In this Update:
General Assembly Terminates Emergency Declaration, Ensures Key Waivers Remain
The General Assembly voted this week to end Gov. Tom Wolf’s emergency declaration while ensuring Pennsylvania can take the steps necessary to recover.
House Resolution 106 terminates the pandemic emergency declaration and ends the governor’s power to close employers, limit occupancy, suspend state statutes or issue stay-at-home orders due to COVID-19. The measure does not need to go to the governor for enactment.
The legislature also approved House Bill 854, which will ensure all waivers that were previously effective under the COVID-19 emergency will remain in effect until Sept. 30, 2021, unless sooner terminated by the authority which initially authorized the waiver. This protects access to critical federal funding and waivers that benefit health and safety, such as the emergency authorization of telemedicine, temporary staffing at nursing homes and personal care homes, and other staffing issues in health care facilities.
The bill was sent to the governor for enactment.
Voters approved two constitutional amendments in May that limited the length of disaster declarations and gave the General Assembly the sole power to extend a governor’s initial disaster declaration. The General Assembly’s action this week reflects the will of the people and is a necessary step to help the Commonwealth transition out of crisis.
Senate Votes to Rein in Health Secretary’s Power, Ban Vaccine Passports
Legislation to prevent the excess use of power by the state Secretary of Health and prohibit vaccine passport requirements was approved by the Senate.

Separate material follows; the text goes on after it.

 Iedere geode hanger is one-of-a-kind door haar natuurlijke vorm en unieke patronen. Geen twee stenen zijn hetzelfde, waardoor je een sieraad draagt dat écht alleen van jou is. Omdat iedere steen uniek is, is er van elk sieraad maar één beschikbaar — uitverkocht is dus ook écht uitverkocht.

The bill prohibits the Secretary of Health from using the 66-year-old Disease Prevention and Control Act to mandate those who have not been exposed or in close contact with the exposed to wear a mask, stay at home or be socially distant. It also prevents the secretary from using the same laws to force business closures.

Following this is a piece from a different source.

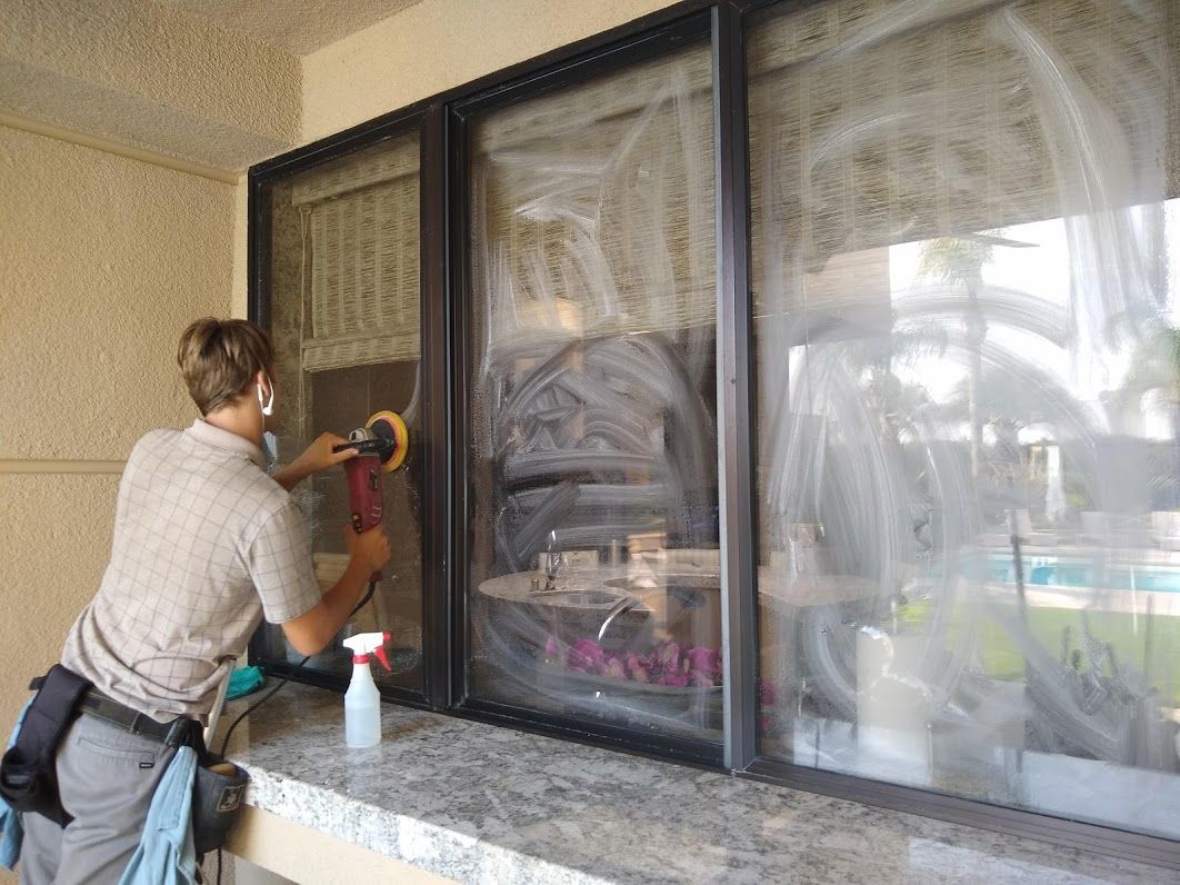 The process includes buffing and rinsing to remove any residue from the treatment solution. Severe etching that has permanently damaged the glass may not be fully reversible, but most stains respond well to the treatment. The service does not include glass replacement or repair of cracks, chips, or seal failures.

It also prohibits the state – as well as counties, municipalities, school districts and colleges that are subsidized by state taxpayers – from requiring proof of vaccination. The measure was sent to the House of Representatives for consideration.
Senate Approves Regulatory Reform Measures to Spur Job Creation
With Pennsylvania’s employment rate lagging behind those of other states emerging from the pandemic, the Senate approved several bills this week to rein in job-stifling regulations.
The bills increase legislative oversight of a process too often influenced by unelected bureaucrats, adding special scrutiny for the costliest proposed regulations.
The bills were sent to the House of Representatives for consideration.
Increasing Community-Based Services in Schools
The Senate voted to establish the Community Engaged Schools for Success Pilot Program to encourage community partners to work with schools to provide student support services.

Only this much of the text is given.